Let us consider Fig. 1a, representing a portion of the media data type taxonomy, and the corresponding portion of \(app_1\)’s signature and its category signature given in Fig. 1b. For simplicity, to each second-level nodes (i.e., classes) and leaves (i.e., functions/constants) we associate a distinct letter used as index (e.g., “A” is associated with android.media.tv.TVContentRanting).

Let us consider the 1-st element in \(app_1\)’s signature (i.e., G). Since \(V^{media}_{app_1}[G]\) =1 and \(S^{media}_{ent}[G]\)=0, we need to find G’ closest collected data item, (ccd(\(V^{med}_{app_1}[G]\)). According to Fig. 1a, this requires to search G’s closest collected data among leaves in the subtree rooted at G’s father node (i.e., A), that is, H. The value of H is 0; therefore, we examine other leaves by recursively traversing A’s parent (android.media.tv). Here, we found B node with two leaves I and J. Since J’s value is 1, ccd(\(V^{med}_{app_1}[G]\)) is J.
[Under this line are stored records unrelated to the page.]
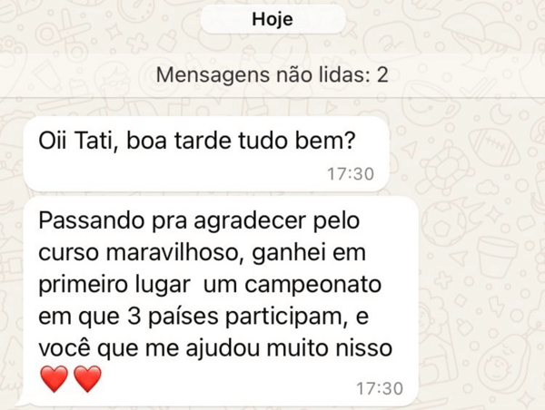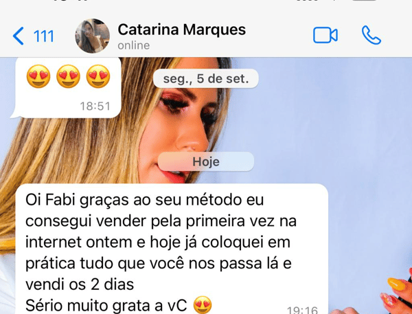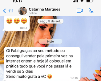 "Oi Fabi, graças ao seu método eu consegui vender pela primeira vez na internet ontem e hoje já coloquei em prática tudo que você nos passa lá e vendi os 2 dias. Sério, muito grata a você 😍" - Catarina Marques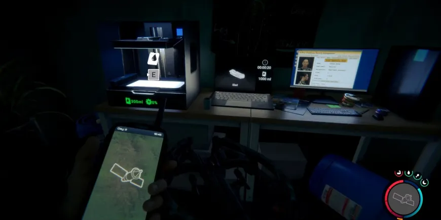 - Удерживайте "E", чтобы запустить процесс печати. Если смолы для принтера недостаточно, печать нельзя будет отменить, поэтому игроки должны собрать необходимое количество, чтобы запустить принтер.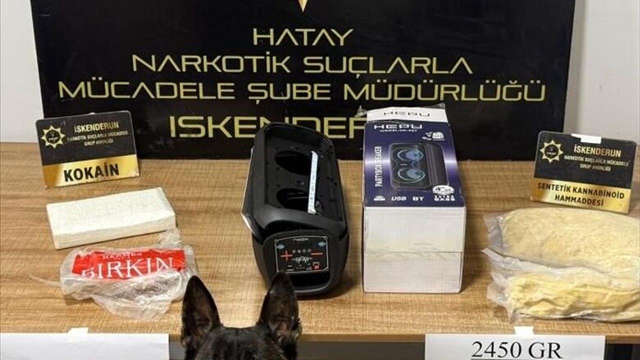 Narkotik dedektör köpeği yardımıyla yapılan aramada, aracın farklı yerlerine gizlenmiş 1 kilo 250 gram kokain ve 2 kilo 450 gram sentetik uyuşturucu ele geçirildi.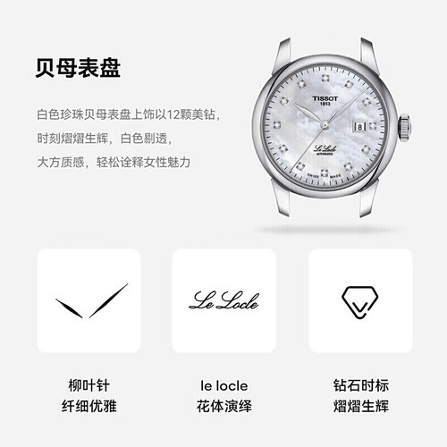 天梭 力洛克系列钢带机械女表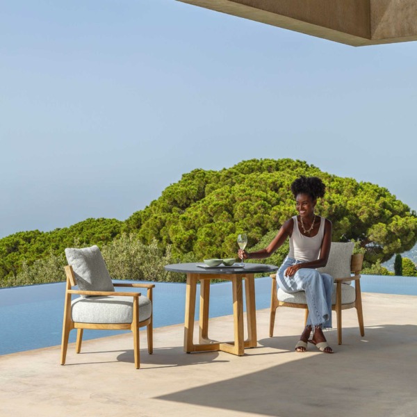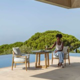 Le fauteuil Ever de Talenti présente un superbe travail du bois de Teck avec des finitions parfaites. Très confortable grâce à l’assise haute et des coussins réalisée en mousse quick dry foam avec un tissu haut de gamme, garantissant une haute résistance à la lumière et à l’abrasion.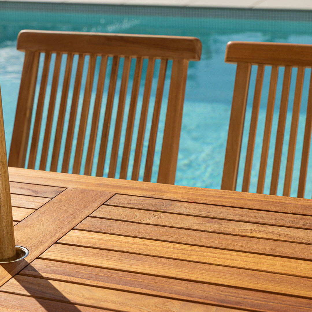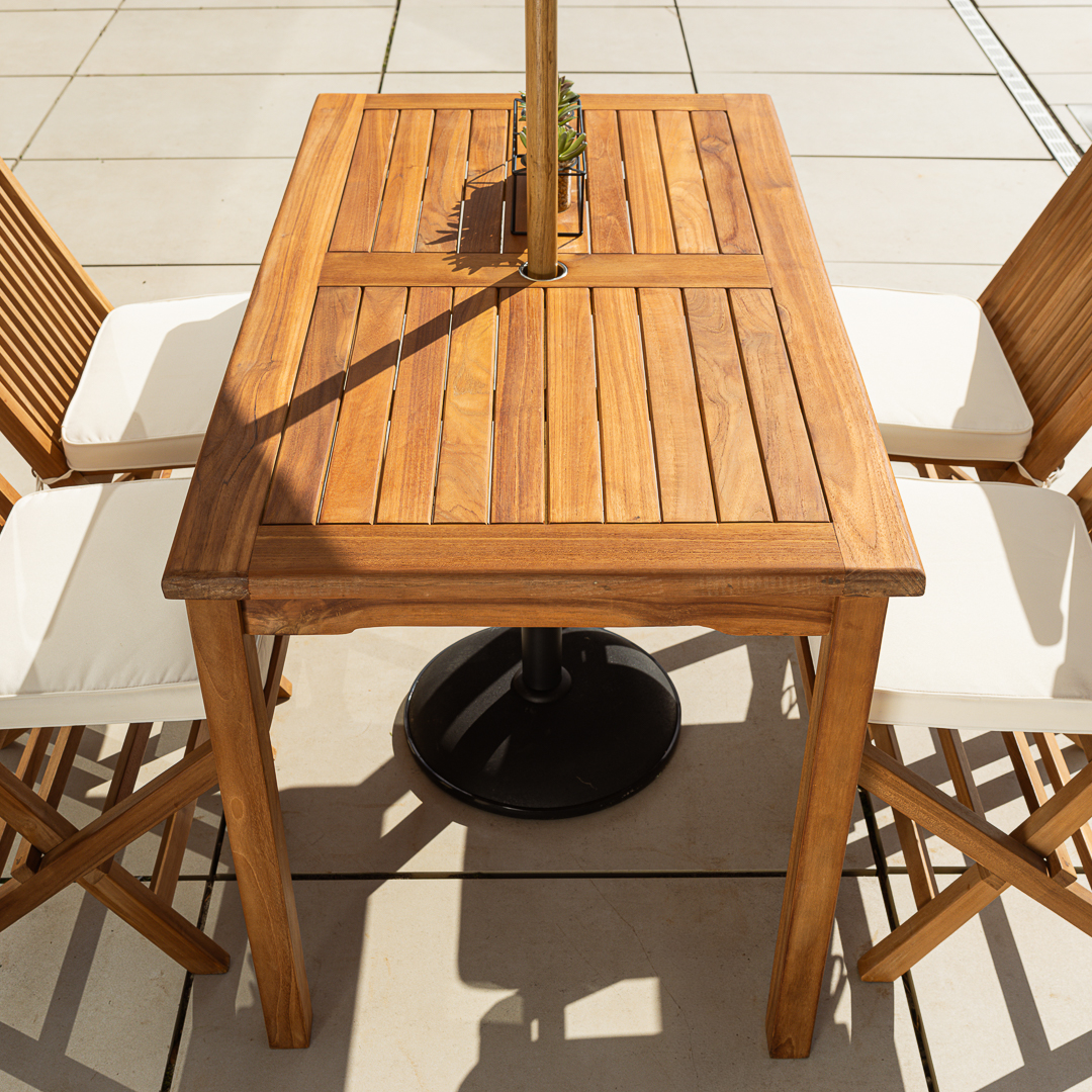 150cm Rectangular Certified Teak Outdoor Dining Table with 6 Cora Teak Folding ChairsIn stock

Once the closest collected data item of \(V^\mathrm{dt}_{a}[i]\) has been determined, the risk level associated with the considered deviation is given as the dissimilarity between \(V^\mathrm{dt}_{a}[i]\) and \(ccd(V^\mathrm{dt}_{a}[i])\), in that more similar are the two data items less risky is the usage of \(V^\mathrm{dt}_{a}[i]\) by a. Thus, the risk of an app a, w.r.t a given data type dt, is computed as the sum of these dissimilarities, only in case \(V^\mathrm{dt}_{a}[i]=0\) and \(V^\mathrm{dt}_{Cat}[i]=1\), as the following definition states.

Definition 1

Risk of an app w.r.t a data type [4]. Let a be a target app and Cat be its category. Let dt be one of the considered data types, and let \(V^{dt}_{a}\in S_a\) and \(V^{dt}_{Cat}\in S_{Cat}\) be the vectors corresponding to dt in \(S_a\) and in Cat’s signature \(S_{Cat}\), respectively. The risk of app a w.r.t. data type dt is estimated as follows:

$$\begin{aligned} {{\mathcal {D}}}{{\mathcal {F}}}^\mathrm{dt}(a)= \frac{\sum _{i\in V^\mathrm{dt}_{a}}df(V^\mathrm{dt}_{a}[i], V^{dt}_{Cat}[i])}{\Vert V^\mathrm{dt}_{a}\Vert } \end{aligned}$$
(1)

where \(df(V^\mathrm{dt}_{a}[i], V^\mathrm{dt}_{Cat}[i])\) is computed as follows:

$$\begin{aligned} \left\{ \begin{array}{ll} 1- WP(V^\mathrm{dt}_{a}[i], ccd(V^\mathrm{dt}_{a}[i])) &{}\mathrm{if}V^\mathrm{dt}_{a}[i]=1, V^\mathrm{dt}_{Cat}[i]=0; \\ 0 &{}\mathrm{otherwise} \end{array} \right. \end{aligned}$$

where

  • ccd is the function returning the closest collected data item of \(V^\mathrm{dt}_{a}[i])\);Footnote 5

  • WP() is the Wu & Palmer similarity measure [6] used to compute the semantic similarity between \(V^\mathrm{dt}_{a}[i]\) and its closet collected data item.Footnote 6

In the following, we provide an example of risk computation w.r.t. a data type.

Example 2

Let us consider again \(app_1\) signature and the signature of the entertainment category given in Fig. 1a. According to Example 1, the closest collected data item of the first \(app_1\) signature’s element set to 1 (i.e., \(V^{media}_{app_1}[G]\) =1) is node J. We therefore compute the Wu & Palmer similarity value between nodes G and J (with \(lca=``android.media.tv''\)) as follows:

$$\begin{aligned} \begin{aligned} WP\left( G, J\right)&=\frac{2 \times depth\left( lca\right) }{ dist\left( G\right) + dist\left( J\right) + 2 \times depth\left( lca\right) } \\&=\frac{2 \times 1}{2 + 2 + 2 \times 1}=0.333 \end{aligned} \end{aligned}$$

\(app_1\)’s signature has also four other elements with value 1, namely I, P, Q, and R. Two of them (i.e., Q and R) have the same value of the corresponding element in the entertainment category signature, so their similarity value is 0. For the other two, that is, I and P, the closest collected items are J and O, respectively. Therefore, WP(IJ) = WP(PO)=0.667.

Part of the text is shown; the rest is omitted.